= TASK ITEM =
Begin at the line containing "1951年,英国的一组登山队" in the records below, end at the line containing "pans in order.", and retype each line in that span exactly. No other line and no image should appear.

= RECORDED INFORMATION =
»»

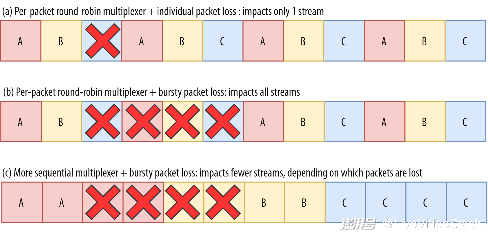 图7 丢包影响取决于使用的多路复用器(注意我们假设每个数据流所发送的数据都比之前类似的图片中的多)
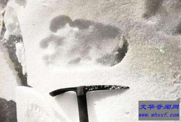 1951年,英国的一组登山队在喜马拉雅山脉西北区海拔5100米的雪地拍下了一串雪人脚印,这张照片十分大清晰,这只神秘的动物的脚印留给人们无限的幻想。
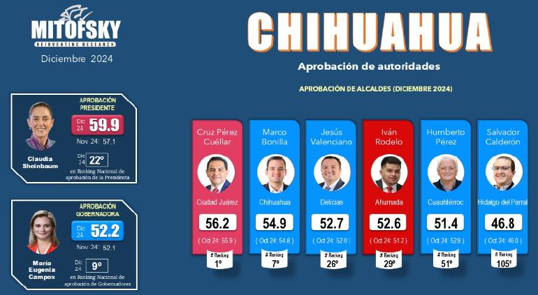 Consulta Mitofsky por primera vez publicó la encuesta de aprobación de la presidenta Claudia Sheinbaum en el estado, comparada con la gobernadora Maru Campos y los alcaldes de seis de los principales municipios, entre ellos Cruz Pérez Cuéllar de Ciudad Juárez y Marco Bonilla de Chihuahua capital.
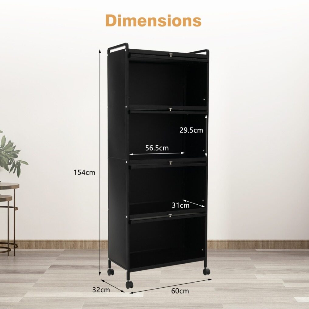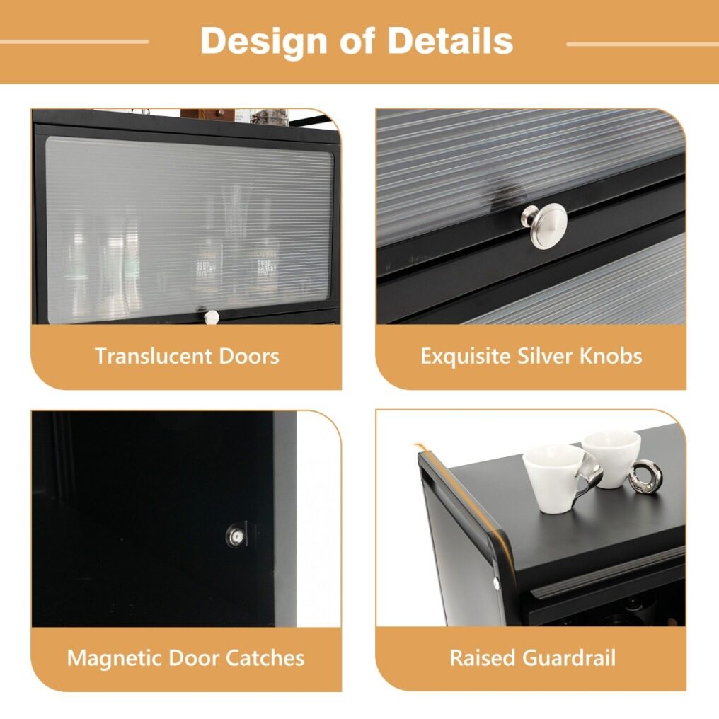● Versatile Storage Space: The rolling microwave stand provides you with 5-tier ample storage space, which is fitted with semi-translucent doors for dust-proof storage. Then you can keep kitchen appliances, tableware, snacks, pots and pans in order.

««
»»

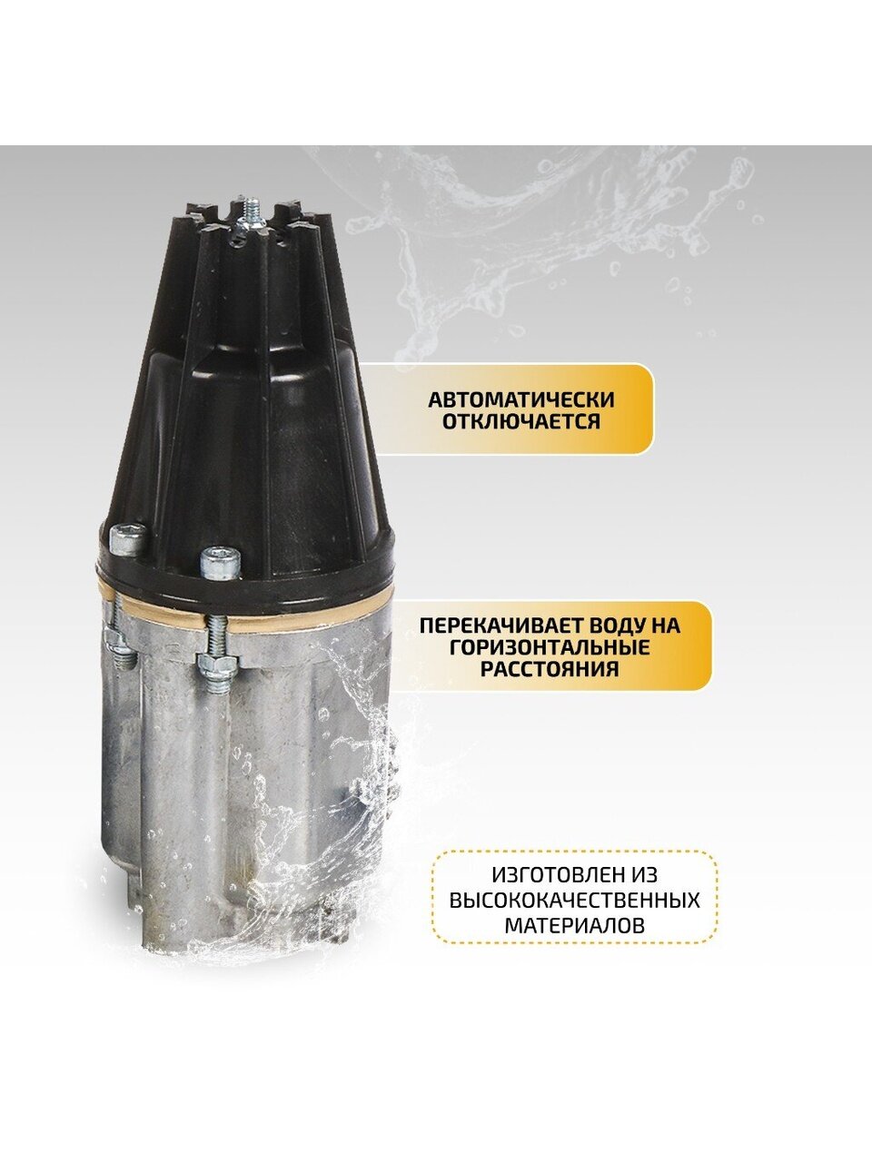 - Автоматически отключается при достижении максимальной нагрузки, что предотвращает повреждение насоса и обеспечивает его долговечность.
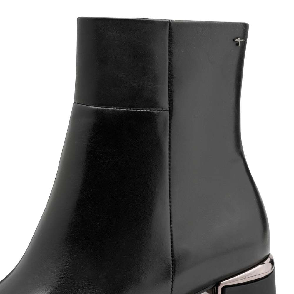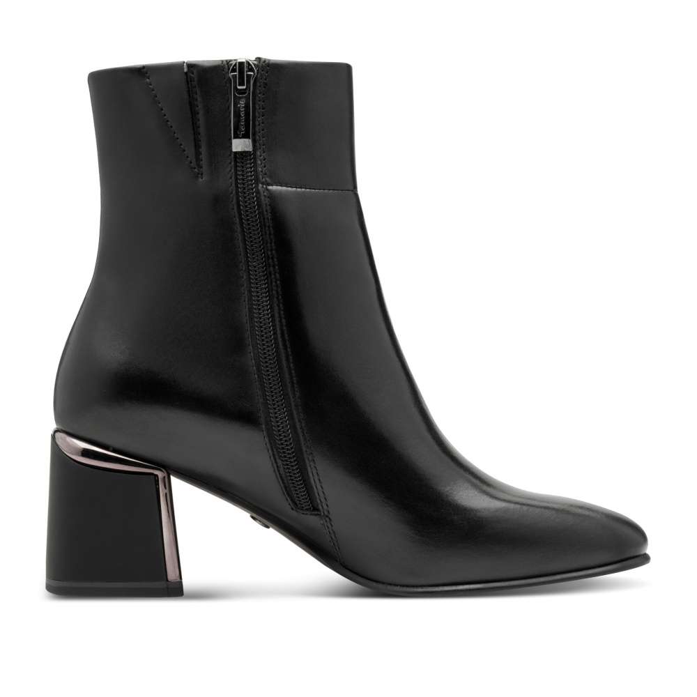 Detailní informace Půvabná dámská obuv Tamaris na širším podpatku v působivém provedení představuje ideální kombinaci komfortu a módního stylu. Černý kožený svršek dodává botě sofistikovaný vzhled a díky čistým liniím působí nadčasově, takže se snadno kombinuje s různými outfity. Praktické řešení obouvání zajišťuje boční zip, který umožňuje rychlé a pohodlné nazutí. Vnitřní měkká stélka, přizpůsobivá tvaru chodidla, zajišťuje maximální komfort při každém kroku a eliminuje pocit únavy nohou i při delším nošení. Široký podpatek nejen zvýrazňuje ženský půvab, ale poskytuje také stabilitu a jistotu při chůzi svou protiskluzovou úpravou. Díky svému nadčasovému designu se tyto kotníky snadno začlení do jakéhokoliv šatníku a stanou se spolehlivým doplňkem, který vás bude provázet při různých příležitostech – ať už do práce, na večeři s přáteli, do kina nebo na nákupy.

««

= YOUR SOLUTION =
 1951年,英国的一组登山队在喜马拉雅山脉西北区海拔5100米的雪地拍下了一串雪人脚印,这张照片十分大清晰,这只神秘的动物的脚印留给人们无限的幻想。
 Consulta Mitofsky por primera vez publicó la encuesta de aprobación de la presidenta Claudia Sheinbaum en el estado, comparada con la gobernadora Maru Campos y los alcaldes de seis de los principales municipios, entre ellos Cruz Pérez Cuéllar de Ciudad Juárez y Marco Bonilla de Chihuahua capital.
● Versatile Storage Space: The rolling microwave stand provides you with 5-tier ample storage space, which is fitted with semi-translucent doors for dust-proof storage. Then you can keep kitchen appliances, tableware, snacks, pots and pans in order.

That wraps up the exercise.